The enhanced cytotoxicity of [Ga(L12)₂]⁺ (Table 2) prompted investigation of whether its activity arises from improved cellular delivery of gallium. Total gallium accumulation in SK-N-MC cells was quantified by inductively coupled plasma–mass spectrometry (ICP-MS; Fig. 3).⁹⁴ Untreated cells contained negligible gallium,⁹⁴ whereas treatment with [Ga(NO₃)₃] led to a modest intracellular level of 0.42 ± 0.01 µg Ga per 10⁵ cells. In contrast, exposure to [Ga(L12)₂]⁺resulted in a significant (p < 0.001) 7-fold higher accumulation (2.91 ± 0.73 µg Ga per 10⁵ cells), confirming its markedly superior ability to deliver gallium into cells (Fig. 3). This enhanced uptake correlates closely with the substantially greater anti-proliferative potency of [Ga(L12)₂]⁺ (IC₅₀ = 0.099 µM versus 88.611 µM (Table S3) for [Ga(NO₃)₃]). This finding strongly supports the conclusion that Ga(III) coordination to the NNO-donor ligand significantly improves membrane permeability and intracellular transport of Ga(III).

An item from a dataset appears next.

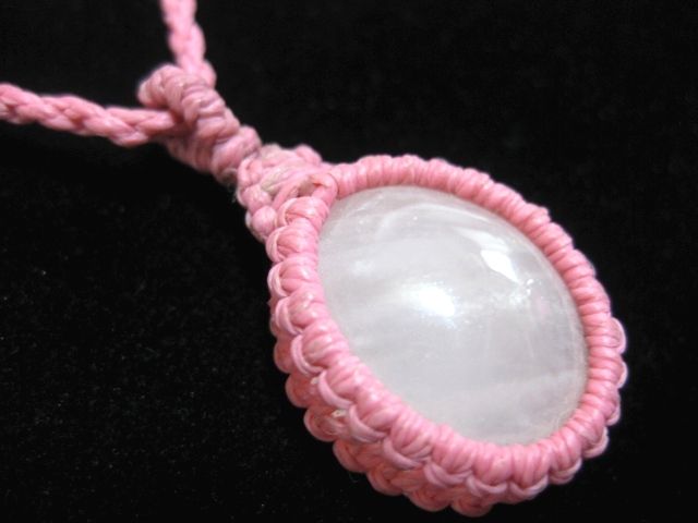 ★天然石ローズクォーツ★マクラメ編み蝋引きネックレスkamesan

Fig. 3 Cellular gallium accumulation quantified by ICP–MS in SK-N-MC cells after 4 h exposure to [Ga(NO₃)₃] or [Ga(L12)₂]⁺ (25 µM). Untreated cells contained negligible gallium. Treatment with [Ga(NO₃)₃] resulted in 0.42 ± 0.01 µg Ga per 10⁵ cells, whereas [Ga(L12)₂]⁺ produced a 7-fold increase (2.91 ± 0.73 µg Ga per 10⁵ cells; ***p < 0.001). Data are expressed as mean ± SD (n = 3).

2.5. Electrochemistry

As described above in Table 1, among the newly synthesized agents, the tridentate naphthofuran ligands (L10–L13) exhibited the most potent anti-proliferative activity. To investigate the mechanistic basis of this behavior, we first examined the redox properties of their corresponding Cu(II) complexes, given the well-established cytotoxic and redox-active nature of Cu(II)-aroylhydrazone and Cu(II)-thiosemicarbazone complexes.^{18,40,52,67,68,75,85,95–97} Cyclic voltammetry was performed in MeCN : H₂O (70 : 30 v/v; Fig. 4), a solvent system previously optimized in our laboratory for assessing the electrochemical behavior of hydrazone complexes.^40,41

Fig. 4 Cyclic voltammograms of the 100 µM Cu(II) complexes of the tridentate ligands L10–L13 recorded in MeCN : H₂O (7 : 3 v/v) containing 0.1 M Bu₄NClO₄ as the supporting electrolyte. The sweep rate was 100 mV s⁻¹, and all sweeps were initiated in the direction of the arrow. Potentials are reported versus the normal hydrogen electrode (NHE).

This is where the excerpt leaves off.